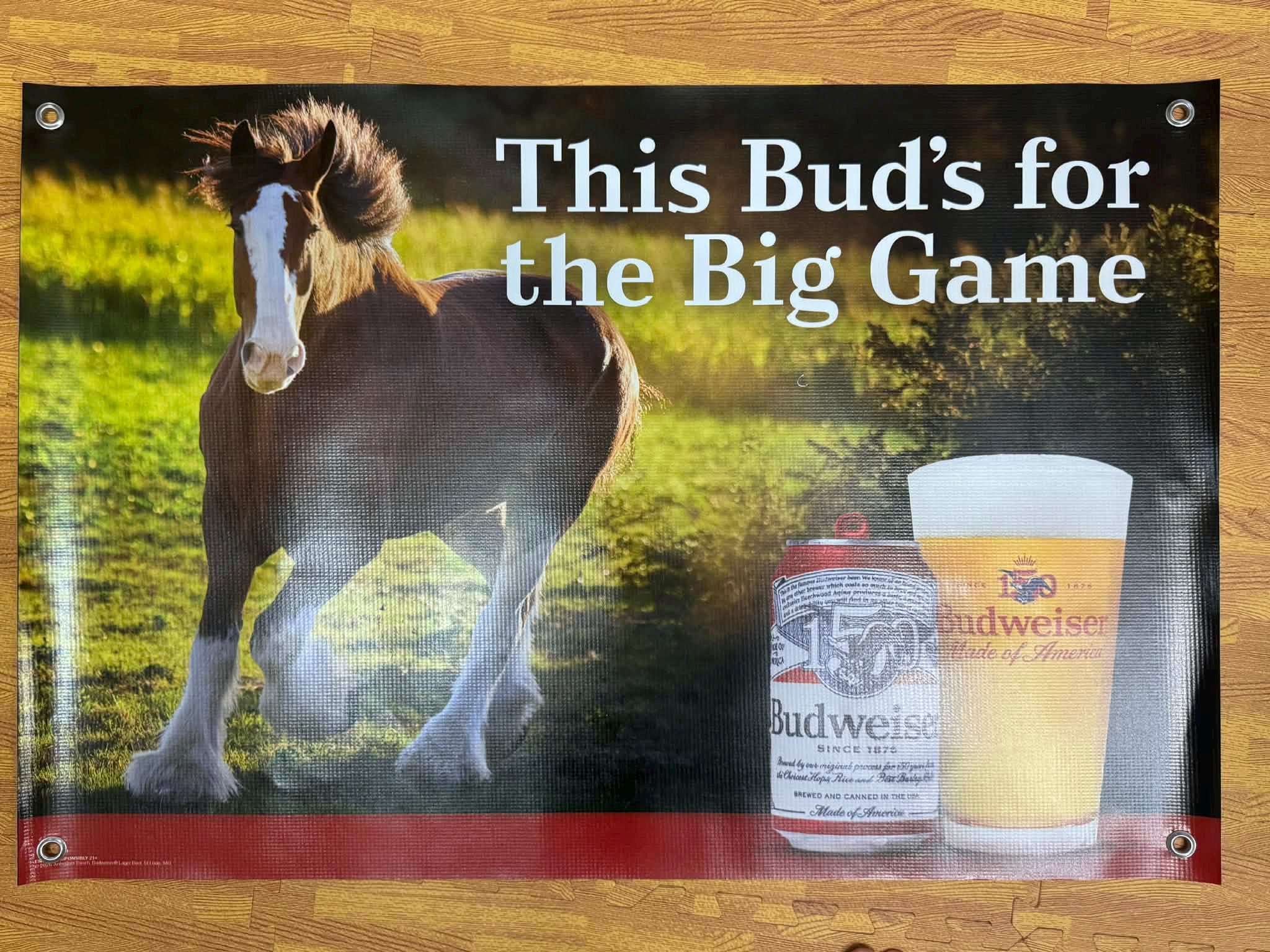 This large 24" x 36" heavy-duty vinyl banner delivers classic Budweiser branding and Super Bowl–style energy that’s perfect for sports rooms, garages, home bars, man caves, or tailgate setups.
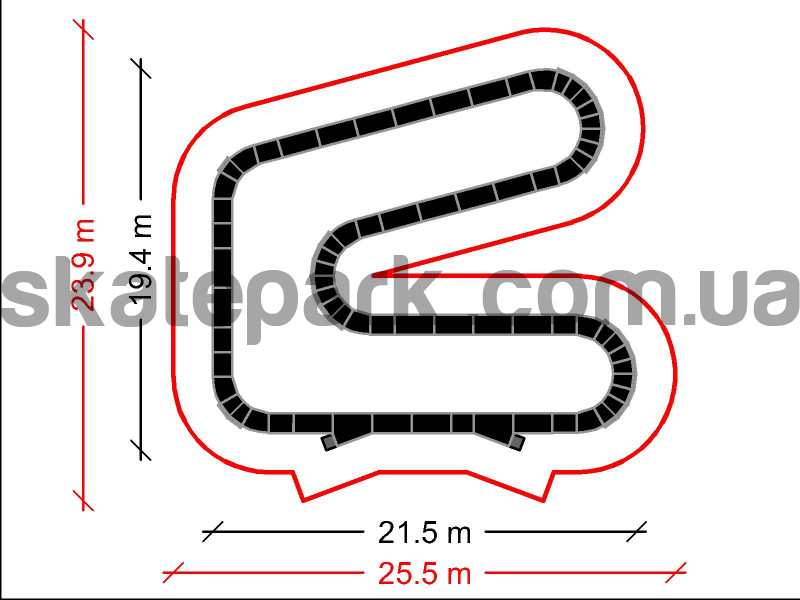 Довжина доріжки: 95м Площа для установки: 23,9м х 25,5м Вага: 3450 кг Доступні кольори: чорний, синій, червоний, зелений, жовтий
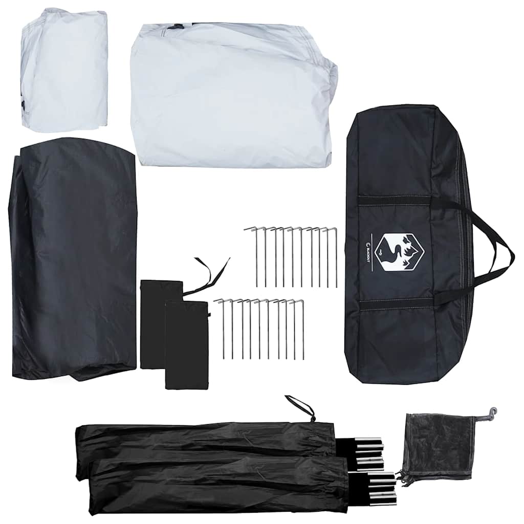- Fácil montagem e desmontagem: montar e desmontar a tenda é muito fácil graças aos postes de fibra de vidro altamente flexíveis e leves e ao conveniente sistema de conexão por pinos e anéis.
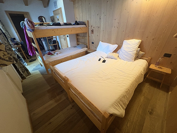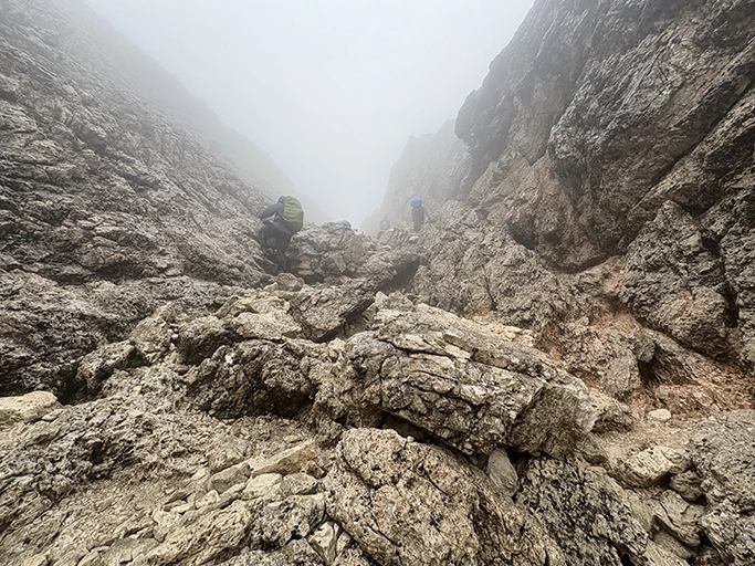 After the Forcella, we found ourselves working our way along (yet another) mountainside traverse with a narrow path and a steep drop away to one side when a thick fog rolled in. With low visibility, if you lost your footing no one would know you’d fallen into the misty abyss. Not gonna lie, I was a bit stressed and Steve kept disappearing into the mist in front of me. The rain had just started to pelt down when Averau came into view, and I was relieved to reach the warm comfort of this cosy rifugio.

Required action: Would you output the full listing exactly as it stands, minus the images?

Result:
 This large 24" x 36" heavy-duty vinyl banner delivers classic Budweiser branding and Super Bowl–style energy that’s perfect for sports rooms, garages, home bars, man caves, or tailgate setups.
 Довжина доріжки: 95м Площа для установки: 23,9м х 25,5м Вага: 3450 кг Доступні кольори: чорний, синій, червоний, зелений, жовтий
- Fácil montagem e desmontagem: montar e desmontar a tenda é muito fácil graças aos postes de fibra de vidro altamente flexíveis e leves e ao conveniente sistema de conexão por pinos e anéis.
 After the Forcella, we found ourselves working our way along (yet another) mountainside traverse with a narrow path and a steep drop away to one side when a thick fog rolled in. With low visibility, if you lost your footing no one would know you’d fallen into the misty abyss. Not gonna lie, I was a bit stressed and Steve kept disappearing into the mist in front of me. The rain had just started to pelt down when Averau came into view, and I was relieved to reach the warm comfort of this cosy rifugio.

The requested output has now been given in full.